§ DATASET EXTRACT
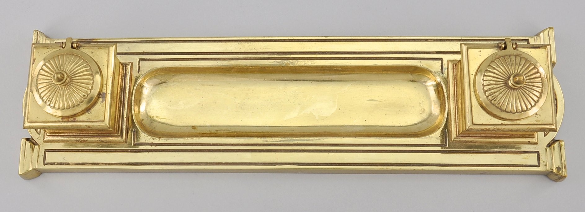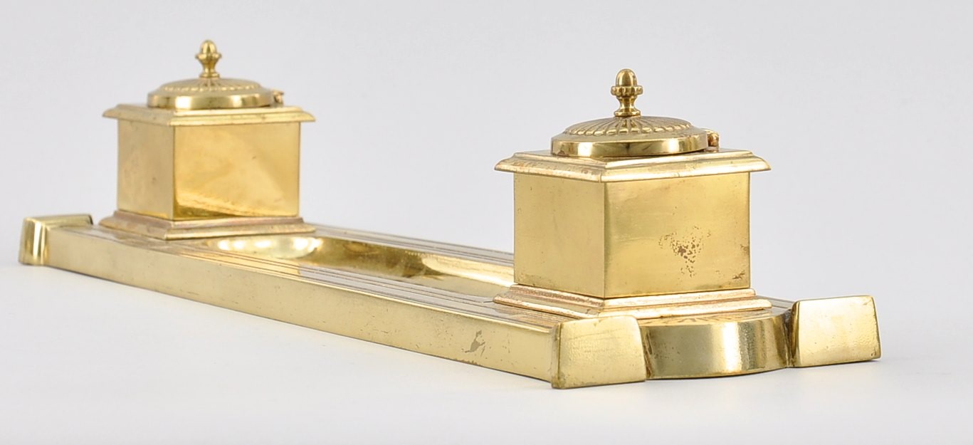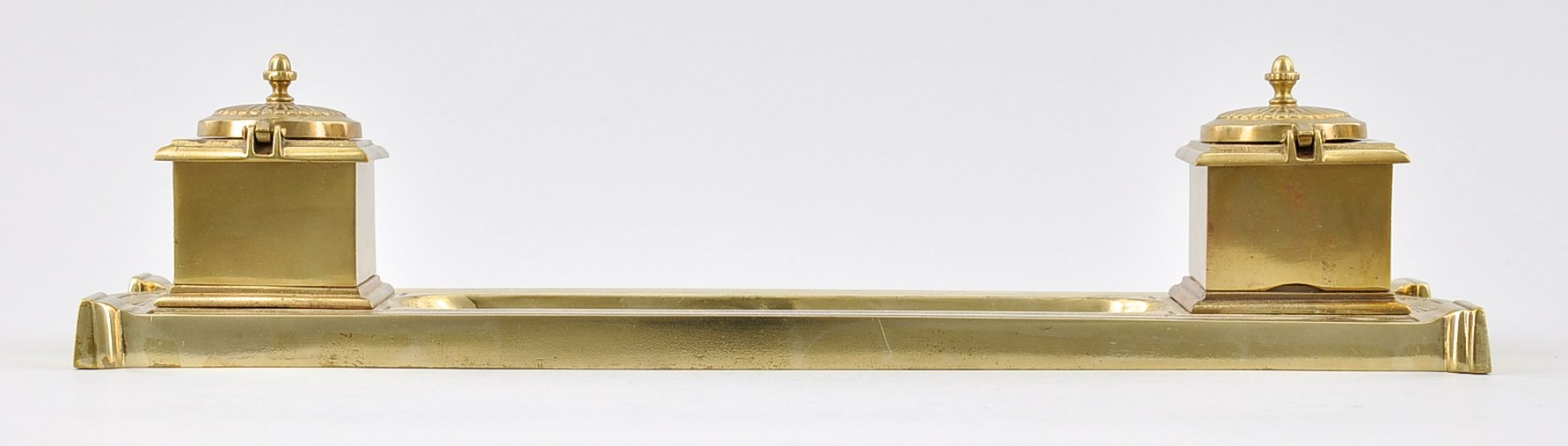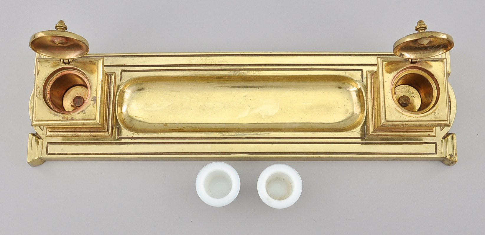 This polished brass inkstand has two inkwells with hinged lids and milk glass inserts. All is mounted on a simple, but long base, with a center pen tray. Stamped on the underside “Bradley & Hubbard”.
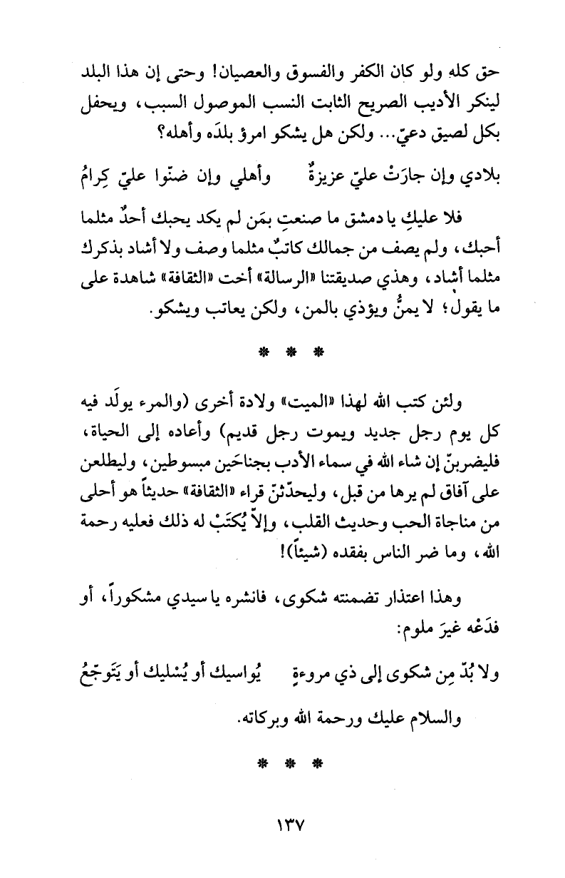 فلا عليكِ يا دمشق ما صنعتِ بمَن لم يكد يحبك أحدٌ مثلما أحبك، ولم يصف من جمالك كاتبٌ مثلما وصف ولا أشاد بذكرك مثلما أشاد، وهذي صديقتنا «الرسالة» أخت «الثقافة» شاهدة على ما يقول؛ لا يمنُّ ويؤذي بالمن، ولكن يعاتب ويشكو.
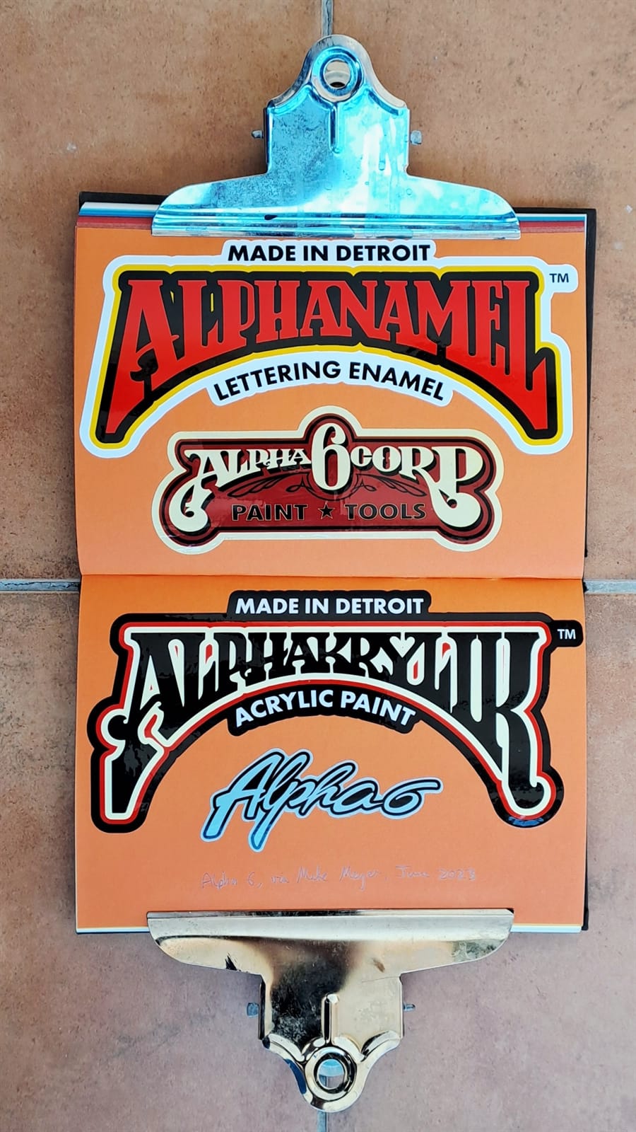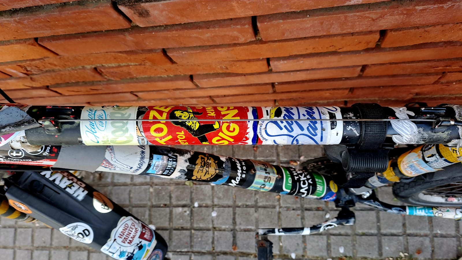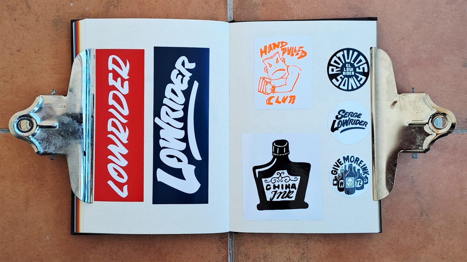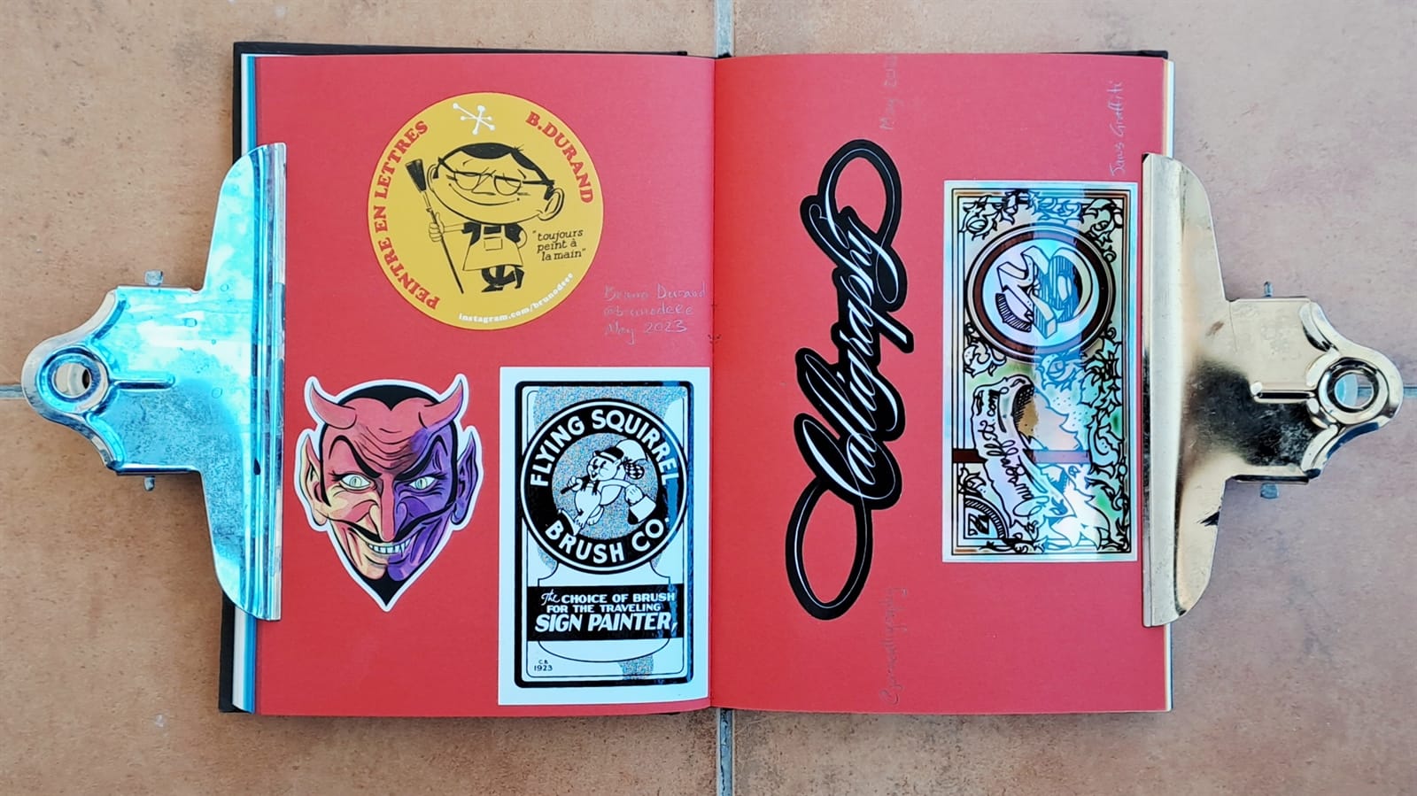 For the last seven years I’ve been filling the pages of the book with what is now a collection of over 400 stickers, mostly for sign painters. (Yes, I’m just a fan boy really!) When I have doubles, the extras go onto my bike, which was another place I used to put stickers before the album.
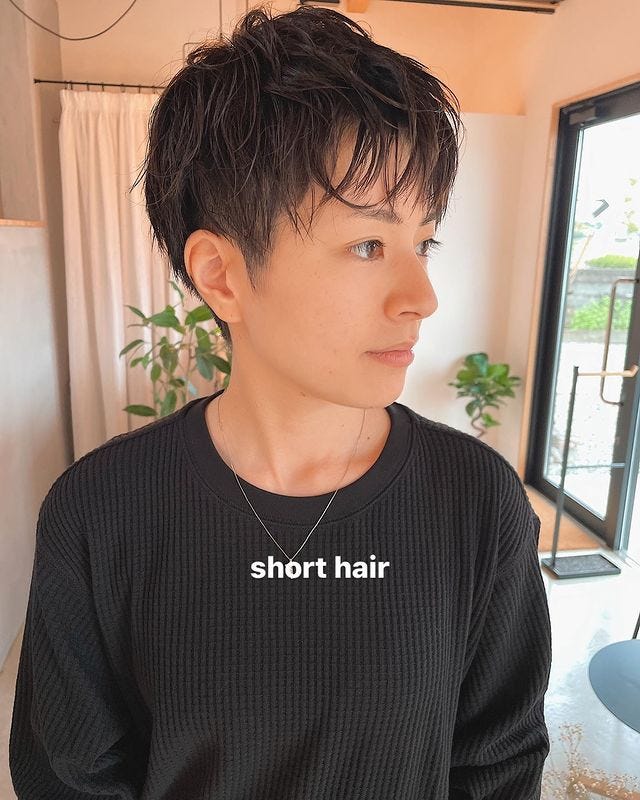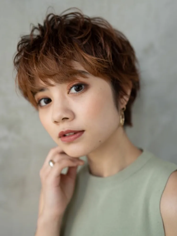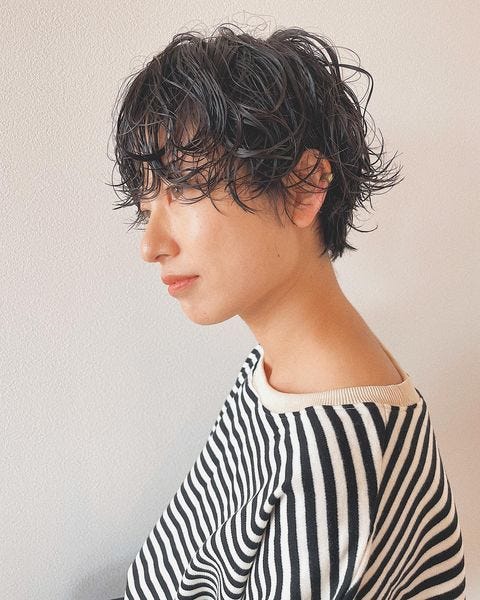 こちらは毛先にだけパーマをかけるワンカールパーマで、長く残した前髪のスタイリングがきれいに仕上がるベリーショートです。

§ WHAT NEEDS TO BE DONE
Your answer must be the full listing, word for word, minus any images.

§ REPLY
 This polished brass inkstand has two inkwells with hinged lids and milk glass inserts. All is mounted on a simple, but long base, with a center pen tray. Stamped on the underside “Bradley & Hubbard”.
 فلا عليكِ يا دمشق ما صنعتِ بمَن لم يكد يحبك أحدٌ مثلما أحبك، ولم يصف من جمالك كاتبٌ مثلما وصف ولا أشاد بذكرك مثلما أشاد، وهذي صديقتنا «الرسالة» أخت «الثقافة» شاهدة على ما يقول؛ لا يمنُّ ويؤذي بالمن، ولكن يعاتب ويشكو.
 For the last seven years I’ve been filling the pages of the book with what is now a collection of over 400 stickers, mostly for sign painters. (Yes, I’m just a fan boy really!) When I have doubles, the extras go onto my bike, which was another place I used to put stickers before the album.
 こちらは毛先にだけパーマをかけるワンカールパーマで、長く残した前髪のスタイリングがきれいに仕上がるベリーショートです。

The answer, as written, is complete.